Power and Status Shifts
Power shifts from narrative-driven to evidence-driven analysis; from “this time is different” boosters to historical pattern-matchers; from short-term traders to long-term institutional investors who can wait for the deployment phase.
Constraints
Installation-to-deployment transition requires correction that destroys speculative capital; regulatory lag; “this time is different” narrative preventing learning from history; the concealment curve may impair the self-correction mechanism.

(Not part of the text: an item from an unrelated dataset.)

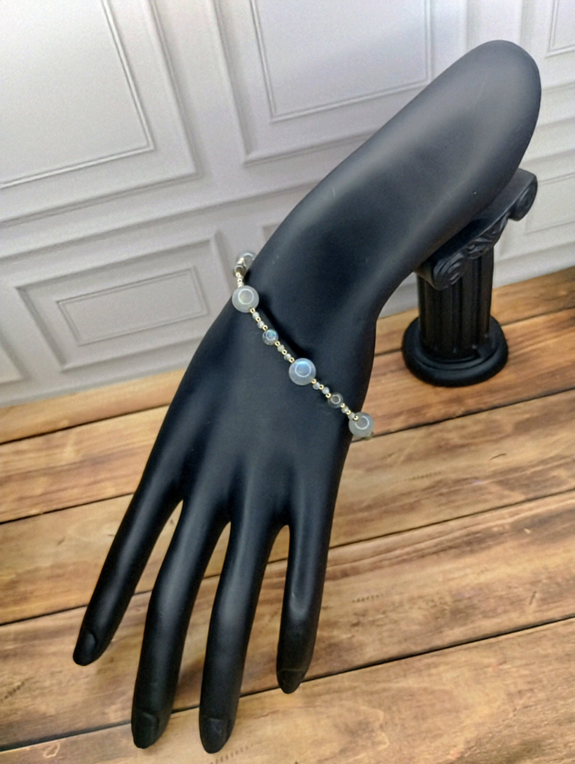Soft, luminous, and effortlessly elegant, this bracelet features glowing labradorite accented with sparkling natural zircon — one of the oldest known minerals on Earth. Some zircon crystals date back over 4.4 billion years, making them older than the continents themselves.

Cognitive Biases and Information Asymmetries
Hammer-nail bias (tendency to see all technology phenomena through Perez framework); survivorship bias in the historical reference class (only successful GPTs are in the database); overconfidence in pattern-matching (AI may be genuinely different in ways that matter); the “slow leak vs. pop” question is the scenario the Historian is least equipped to analyze.
Feedback Loops
Five loops identified: (1) Narrative-Capital Reflexivity (classic bubble dynamics), (2) Measurement Avoidance (deployment without metrics delays metric development), (3) Institutional Lock-In (career incentives sustain spending), (4) Self-Justifying Tool (historically unprecedented — AI generates own business cases), (5) Coercive Adoption (platform bundling inflates metrics).
Externalities
Positive: surviving infrastructure enables deployment phase; engineering talent trained during installation phase becomes deployment-phase workforce; open-source models and methodologies persist. Negative: environmental damage (conceded as structural novelty); talent misallocation; epistemic degradation from fluent but unreliable outputs.
Time Horizons
Short (6-12 months): early stress signals, individual high-profile failures. Medium (18-36 months): institutional reckoning, enterprise budget rationalization, timeline convergence on Q3 2027-Q1 2028. Long (5-15 years): deployment phase with genuinely productive AI, built on infrastructure and talent from installation phase.
Likely Actions
Publication and public argument; coalition with CTO and Toolsmith constituencies; advocacy for measurement infrastructure investment; resistance to “this time is different” narratives.
Falsifiers
Aggregate productivity acceleration (>0.5pp above trend) within 24 months attributable to AI (~10-15% probability); no significant AI company failures in next 2 years (~20-25% probability); independent measurement showing >30% enterprise AI at positive ROI (~15-20% probability); measurement infrastructure developing concurrently without financial crisis (~10% probability).